La description est volontiers argumentative, dans la mesure où il y a des marques de jugement
(adverbe modalisateur dans « sa maigreur affreusement visible », « le creux de ses clavicules était à
faire pleurer », négation restrictive dans « tout son vêtement n’était qu’un haillon qui eût fait pitié
l’été et qui faisait horreur l’hiver »). Il peut s’agir de l’effet immédiat produit sur J. Valjean, mais aussi
sur le narrateur qui voit Cosette à différentes saisons.
d) Le tableau est rehaussé par un éclairage particulier qui dramatise le portrait. Elle est « sombre »,
« ses yeux enfoncés dans une sorte d’ombre », mais le feu fait « saillir les angles de ses os ».
Conclusion partielle : une scène très visuelle qui cherche à mettre en évidence la souffrance de cette
enfant et qui inspire la pitié.

IIIe partie
Un portrait qui suscite l’indignation du lecteur :
a) Cosette est une figure emblématique d'un enfant martyr : références à son travail incessant et à sa
domesticité ("tout mouillée [...], Cosette n'avait pas osé s'aller sécher au feu et s'était remise
silencieusement à son travail").
b) la situation de Cosette est particulièrement injuste, car elle n'est qu'une enfant : le conditionnel
passé 2e forme à valeur d'irréel du passé dans "heureuse, elle eût été jolie" et l'antithèse
"laide"/"jolie" mettent en lumière le gâchis résultant de son esclavage. L'idée de gâchis réapparait à
la fin avec l'alternative "une idiote ou un démon", qui contraste avec la crainte et le travail sérieux
qu'elle fait (adverbe dans "silencieusement au travail").
c) La servitude est soulignée et dénoncée à travers l'image de la victime : "la Thénardier" persécute
Cosette et lui vole son enfance. L'"enfant" travaille comme une adulte, a des expressions faciales
d'adulte ("l'angoisse habituelle qu'on observe chez les condamnés et chez les malades désespérés").
Conclusion partielle : le contraste entre son attitude craintive, innocente, et la violence de ses
mauvais traitements sert la dimension à la fois polémique et tragique de ce passage.

Conclusion
Bilan sur le texte : Importance de l'implication de l'auteur dans ce portrait d'un enfant maltraitée.
L'objectif est de dénoncer les mauvais traitements subis par Cosette et de créer la pitié et
l'indignation du lecteur face à la misère sociale.
Ouverture : Sur la suite du roman : Cosette sera sauvée par J. Valjean et deviendra un personnage
important du roman. Elle reste, dans les consciences, la figure emblématique de l'enfant maltraitée /
sur l'auteur : rappeler l'engagement de V. Hugo en faveur des pauvres et des réprouvés, contre le
travail des enfants (discours sur la misère à l'Assemblée ou poème "Mélancholia").
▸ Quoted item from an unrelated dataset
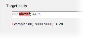 Proxifier filters the text fields, and incorrect symbols are indicated in red. For example, there can be no letters in the Target ports field.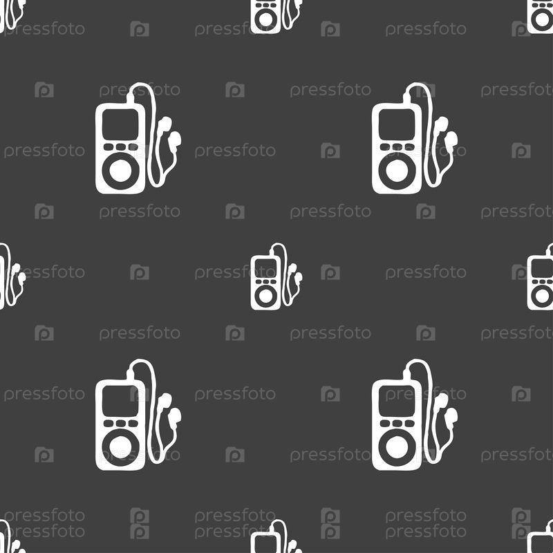 MP3-плеер, наушники, музыкальный значок знака. Бесшовный узор на сером фоне. вектор

Remarques sur l'évaluation de l'exercice :

Ce qui est attendu :


- un commentaire organisé autour d'un projet de lecture cohérent,
- L'analyse de procédés d'écriture bien identifiés et interprétés avec pertinence.

Ce qui est valorisé :


- une argumentation proposant une complexification croissante,
- la finesse des analyses et la justesse des interprétations,
- une expression particulièrement élégante.

3
Ce qui est pénalisé :
- la juxtaposition des remarques,
- les contresens manifestes,
- la paraphrase et l'absence d'analyse stylistique,
- une langue mal maîtrisée et fautive.